I took the jar and left the rest. At night, as we set out on dog walk, I remembered to ask M. if she had left those offerings.

Blank look. No, she had not.

So who did? Not the bears and raccoons. One of the neighbors—and there are not very many of them—has joined in on the cultic activity. But which?

4 thoughts on “Talking about Tlaloc, 4

  1. Oh, I love that. It is so encouraging & mysterious to come across offerings & other ‘little signs’ of people participating in some way. This summer I found a tree in the woods nearby with beautiful wool ribbons & another in a local park with seashells placed at its base.

  2. Pitch313

    One of the amazing things that I discovered when I took up riding mountain bikes is that mountain bikers qua mountain bikers (that is, not because they take a religion with them) make altars along trails. Out of, by and large, parts and pieces and stuff from their bikes and bags.

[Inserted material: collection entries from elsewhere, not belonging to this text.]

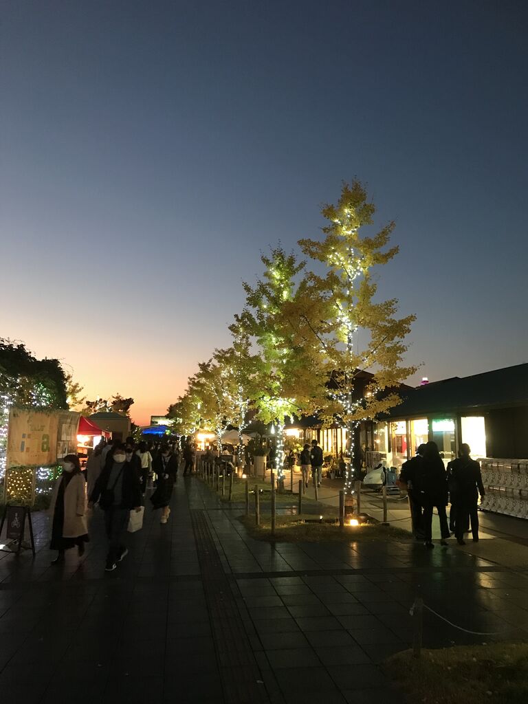 イルミネーションでライトアップされた天王寺公園を歩きます。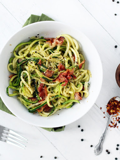 Remove all of the oil from the bacon except for 2 tbsp. Add in the garlic and red pepper flakes and cook for 30 seconds. Then, add in the zucchini noodles and toss to cook, for about 2-3 minutes.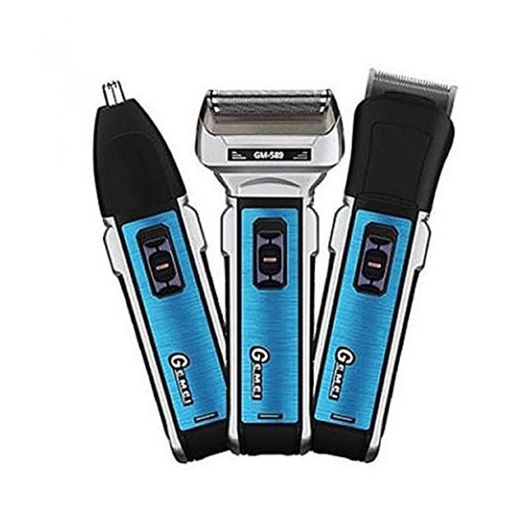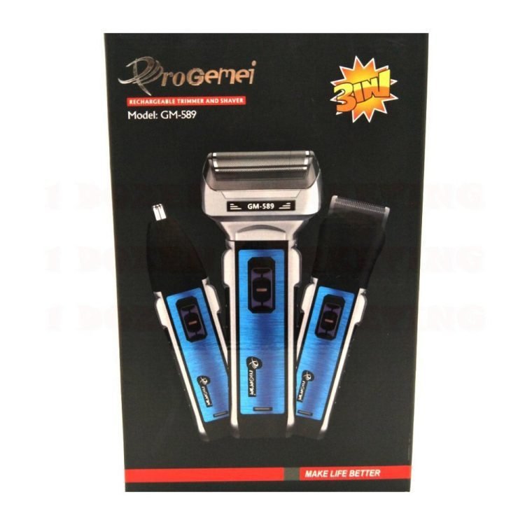 - PROGEMEI 3-IN-1 RECHARGEABLE HAIR CLIPPER TRIMMER AND SHAVER GM589 Features and Specifications: – Brand: Gemei – Model: GM-589 – Voltage: 220-240V 50/60HZ – Power: 3W – Rechargeable: Yes. The Gemei Professional Hair Trimmer is a rechargeable grooming appliance for men – Variable stainless steel blade – After a full charge, it can be used for up to 60 minutes – – – Ceramic blade which can be removed for easy cleaning – Fully Washable Stainless – Steel blade – On/Off Switch – Silver Pd. The motor of high rotational speed – Cleaning Brush – Intelligent anti-clip system – Flexible removable – Pop-trimmer – The cutter head can be arbitrarily changed – Free combination – Rozer, hair machine, push knife – Rozer back with pop-up repair scissors – Counterclockwise rotation of 30 degrees – Upward pull out With charging indicator light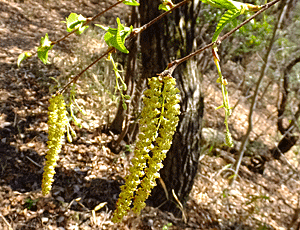 | 大きくて長いのが、雄花 その下にあってぶら下がっているのが雌花 |

    Altars to the deities and guardians and spirits and beings that involve themselves with mountain bikes and riding.

    This discovery, in which I became a rider-participant, extended my Neo-Pagan awareness.

    Looking at it another way, folks do enjoy dabbling with and venerating wayside and casual altars and what goes along with them.

    Lastly, I guess it wasn’t clear to me before that your creek had dried up. Hope it keeps flowing. If it needs the touch of Tlaloc’s hand, OK.